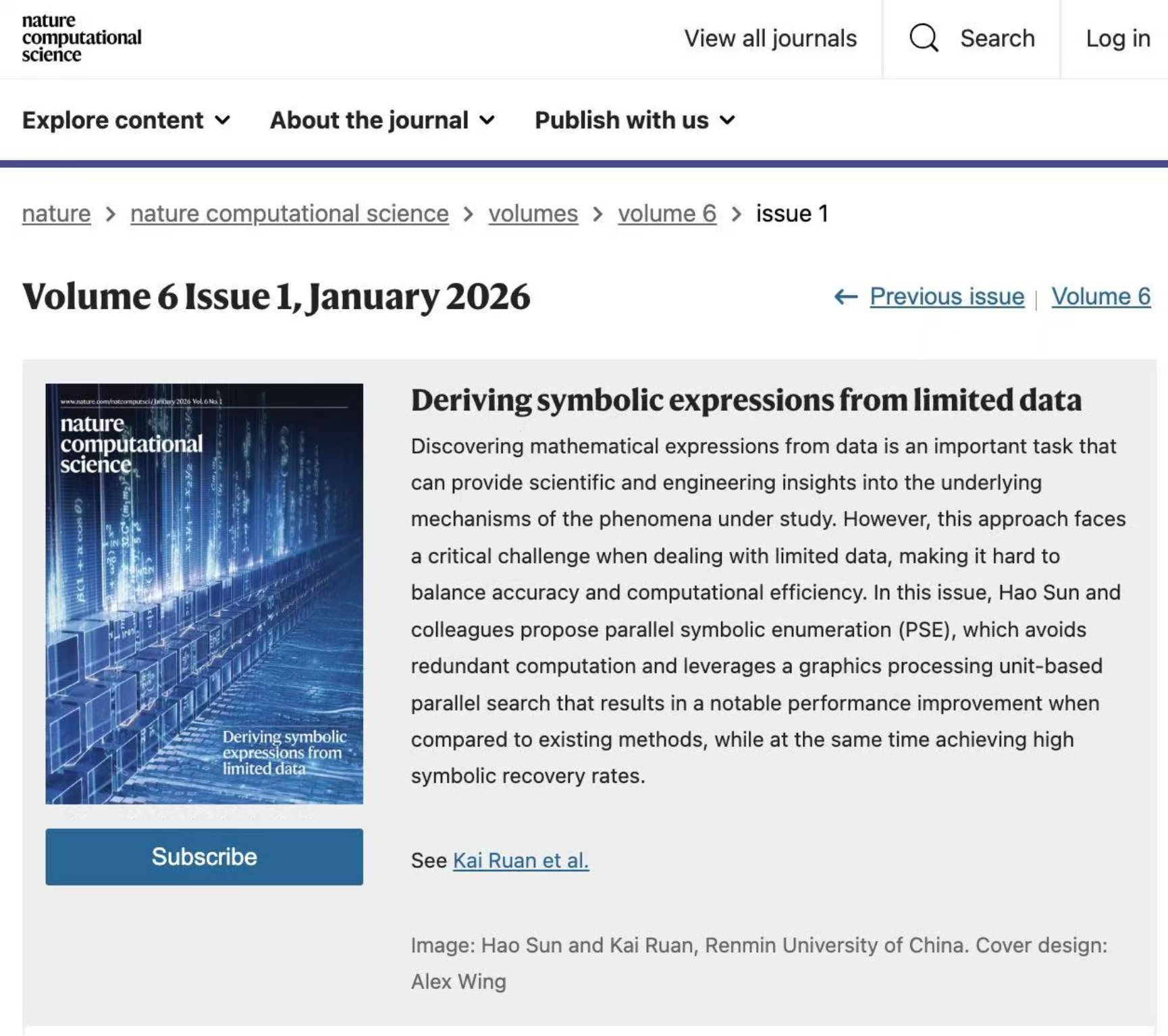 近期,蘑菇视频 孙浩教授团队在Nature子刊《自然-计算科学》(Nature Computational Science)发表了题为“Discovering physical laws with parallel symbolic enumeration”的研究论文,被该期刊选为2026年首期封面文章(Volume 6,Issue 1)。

________________________

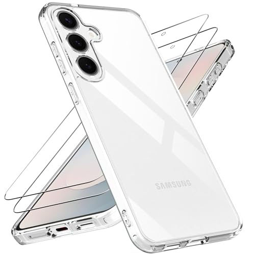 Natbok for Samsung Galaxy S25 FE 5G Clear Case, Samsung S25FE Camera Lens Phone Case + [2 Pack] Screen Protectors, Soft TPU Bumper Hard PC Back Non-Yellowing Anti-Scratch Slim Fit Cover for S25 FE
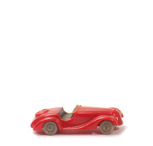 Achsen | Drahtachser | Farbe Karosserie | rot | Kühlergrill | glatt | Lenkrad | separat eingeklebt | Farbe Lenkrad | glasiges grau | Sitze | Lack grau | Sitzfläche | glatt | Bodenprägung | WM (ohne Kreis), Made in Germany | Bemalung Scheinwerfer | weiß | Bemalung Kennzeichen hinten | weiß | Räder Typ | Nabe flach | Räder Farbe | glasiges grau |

________________________

▶ Exercise details: Between and including the line with "Natbok for Samsung" and the line with "Achsen | Drahtachser", repeat every line exactly as it appears above, with pictures left out.

▶ Solution:
 Natbok for Samsung Galaxy S25 FE 5G Clear Case, Samsung S25FE Camera Lens Phone Case + [2 Pack] Screen Protectors, Soft TPU Bumper Hard PC Back Non-Yellowing Anti-Scratch Slim Fit Cover for S25 FE
 Achsen | Drahtachser | Farbe Karosserie | rot | Kühlergrill | glatt | Lenkrad | separat eingeklebt | Farbe Lenkrad | glasiges grau | Sitze | Lack grau | Sitzfläche | glatt | Bodenprägung | WM (ohne Kreis), Made in Germany | Bemalung Scheinwerfer | weiß | Bemalung Kennzeichen hinten | weiß | Räder Typ | Nabe flach | Räder Farbe | glasiges grau |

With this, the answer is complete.